ABOUT THIS TASK: Only the lines from the one containing "2月カレンダー 2026 2/05" through the last line of the material should be copied, exactly as written and without pictures.

PROVIDED MATERIAL START

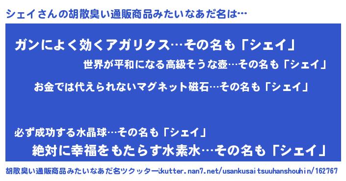 | ヘコむあだ名 | 『シェイ(小並感)』『なまこ酢』 |
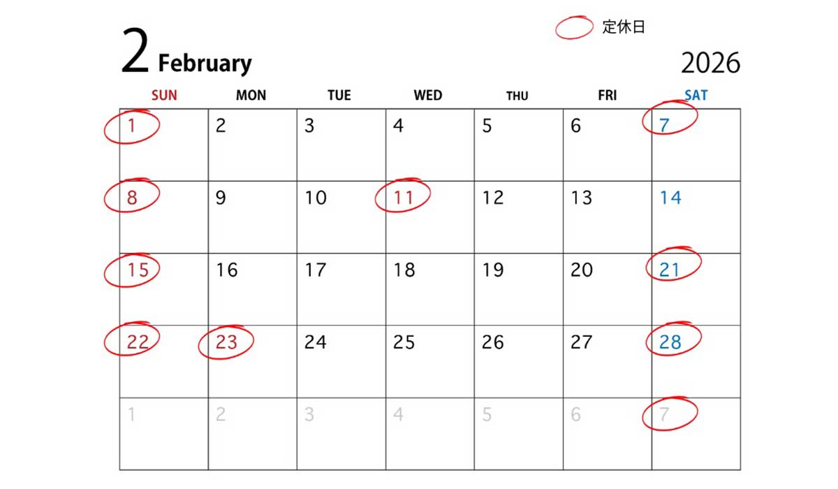 2月カレンダー 2026 2/05 お知らせ 2026年2月5日 いつもお世話になります。2月カレンダーをお知らせ致します。 本社営業時間 8:00~17:00店舗営業時間 9:30~18:30 お知らせ よかったらシェアしてね! URLをコピーしました! 1月カレンダー 関連記事 1月カレンダー 2026年1月1日 12月カレンダー 2025年11月26日 11月カレンダー 2025年10月31日 10月カレンダー 2025年9月26日 9月カレンダー 2025年8月29日 8月カレンダー 2025年7月24日 7月カレンダー 2025年6月29日 6月施行!熱中症対策の義務化 職場環境を見直しませんか? 2025年6月11日
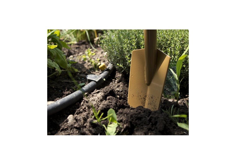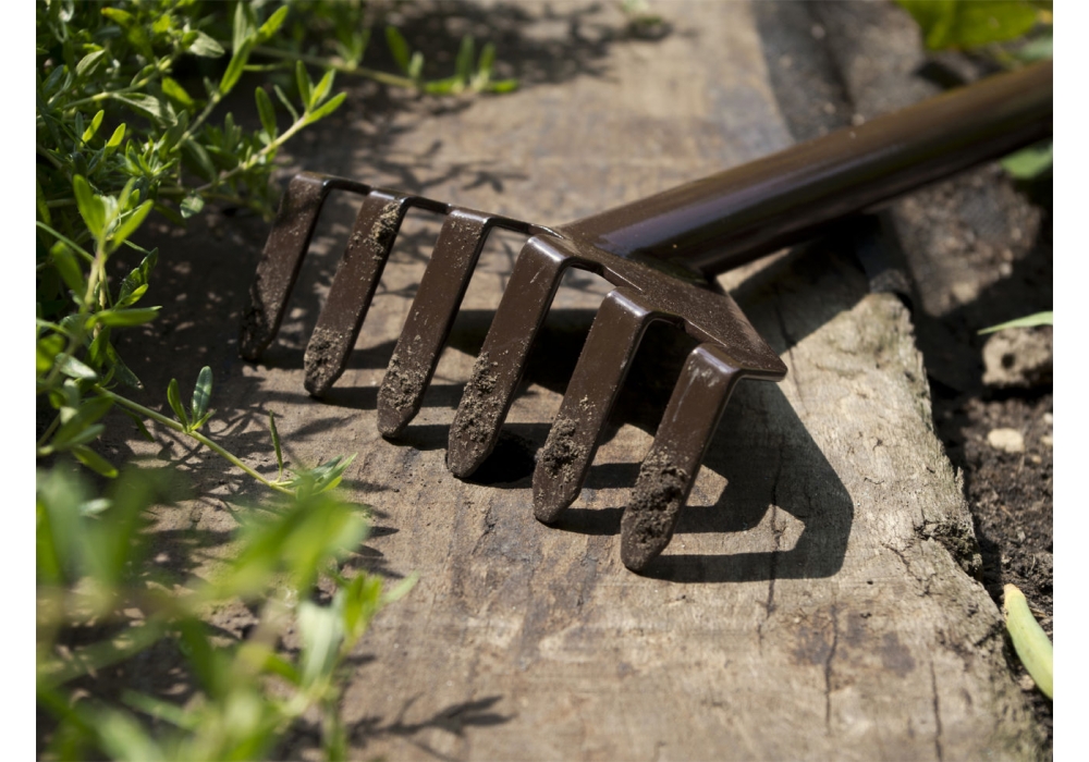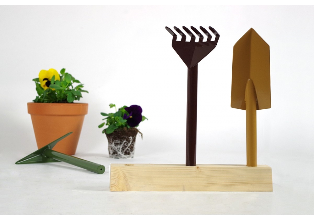 Orte firmato da Giulio Iacchetti per InternoItaliano è un set da giardino composto da zappetta, rastrello a 6 denti, paletta in metallo verniciato e base in legno su cui possono essere riposti a fine lavoro.
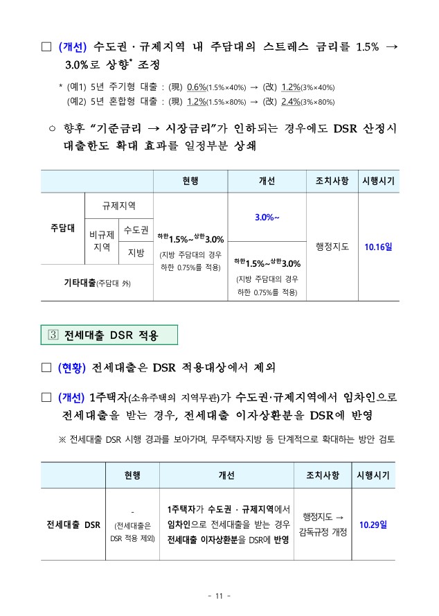 1주택자가 수도권이나 규제지역에서 전세를 얻기 위해 전세대출을 받으면 이자상환분이 DSR에 반영됩니다. 무주택자·지방은 향후 단계적으로 확대할 예정입니다.

PROVIDED MATERIAL END

COMPLETED EXERCISE:
 2月カレンダー 2026 2/05 お知らせ 2026年2月5日 いつもお世話になります。2月カレンダーをお知らせ致します。 本社営業時間 8:00~17:00店舗営業時間 9:30~18:30 お知らせ よかったらシェアしてね! URLをコピーしました! 1月カレンダー 関連記事 1月カレンダー 2026年1月1日 12月カレンダー 2025年11月26日 11月カレンダー 2025年10月31日 10月カレンダー 2025年9月26日 9月カレンダー 2025年8月29日 8月カレンダー 2025年7月24日 7月カレンダー 2025年6月29日 6月施行!熱中症対策の義務化 職場環境を見直しませんか? 2025年6月11日
 Orte firmato da Giulio Iacchetti per InternoItaliano è un set da giardino composto da zappetta, rastrello a 6 denti, paletta in metallo verniciato e base in legno su cui possono essere riposti a fine lavoro.
 1주택자가 수도권이나 규제지역에서 전세를 얻기 위해 전세대출을 받으면 이자상환분이 DSR에 반영됩니다. 무주택자·지방은 향후 단계적으로 확대할 예정입니다.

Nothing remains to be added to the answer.